Friday, October 15, 2010

Three Hundred Words

These are the final words that I had to ditch or bung into footnotes in order to get my assignment completed. Of course, I needed to take out more than 300 in order to put more words in to make things intelligible.

It has been submitted.

With 2996 words.

I am free.

the following questions will be addressed. First, what does Paul mean when he talks about “law” or “the law”? Is there a difference discernable from the particular terminology he uses? Second, what is it that Paul states outright that the law is not? Third, if the law is not something, what then is its purpose or role? How does it function? Fourth, what is the context for Romans? Lastly, what are the possible conflicts that come from Paul’s treatment of the law in Romans, and does the context help resolve them? which can and that really However, Romans does challenge the privileged status of the Jews, and their false confidence that God in his grace will accept them, and that their sin is not as bad as the sins committed by the Gentiles living around them The law brings our sin to our attention.

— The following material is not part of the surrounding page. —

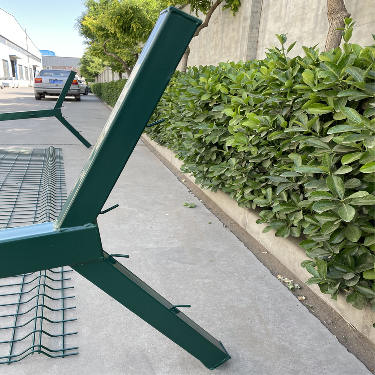 機場外圍防御鋼網墻首先是廠家與客戶相互溝通好每一個詳細參數之后,開始采購原材料進廠,工人根據相應的圖紙下料生產,做好焊接好的模具,然后就是焊接成品,一般機場圍界的外框為角鐵外框,外框規格為:50*50*5mm的鍍鋅角鐵,中間絲徑為5mm,網孔為50*100mm。立柱為60*80的方管上方加Y型立柱。焊接好之后下一步就是打磨,工人經過自己的打磨在浸塑,使機場防護網表面光滑沒有焊點凸起。下一步就是浸塑流程,把焊接好的機場防御網放入高溫加熱的庫房,加熱到一定的溫度之后,然后進行熱浸塑。下一步對熱浸塑好的機場護欄網進行流光處理,每一套出來的護欄都有光滑的表面,美觀實用。

Romans 4:15 (NRSV) Morris explains that our passions are passive, such that experiences happen to them. goes further to: “But if you call yourself a Jew and rely on the law and boast of your relation to God and know his will and determine what is best because you are instructed in the law... For as it is written, ‘The name of God is blasphemed among the Gentiles because of you.’” In particular the food laws, Sabbath, and circumcision were at times ridiculed by the surrounding Gentile population. it each of which may shed light on that seem to occur These are Some can be hazarded within life in Rome with a double character but modern theologians This has lead to outside of the contexts of both Paul and Rome Sanders does not find all Paul’s arguments convincing to the contemporary mind, even if his basic views are true. must confess have a for that Gorman would remind us that We do not have to choose between these classifications could make As such, . , including questions like “What is Israel’s role in salvation-history?”, and “What is the function of Torah/circumcision?” would would Romans can be dense and confusing because Paul’s style, thought patterns, and argument are not familiar to modern thought. as discussed above for , as it causes division , his crucial saving act because of himself Jewish to the

How much sense do they make out of context?

Friday, October 8, 2010

You see, there's this assignment...

Yes.

I've been very quiet.

Hardly had the computer on, in fact.

Pretty desperately trying to get the reading done on my final major research assignment that is due next Friday. A week. And I'm still reading. *Sigh*

That's in addition to the fact that tomorrow's the church Spring Fair.

And the fact that the LBD must be walked or he won't get his leg back working properly. Tried a swimming session today, but it was cold, misting rain and frigid breeze. I wasn't happy being up to my knees in the water, and the LBD had more sense than to try swimming.

So how much time am I spending on line until next Friday?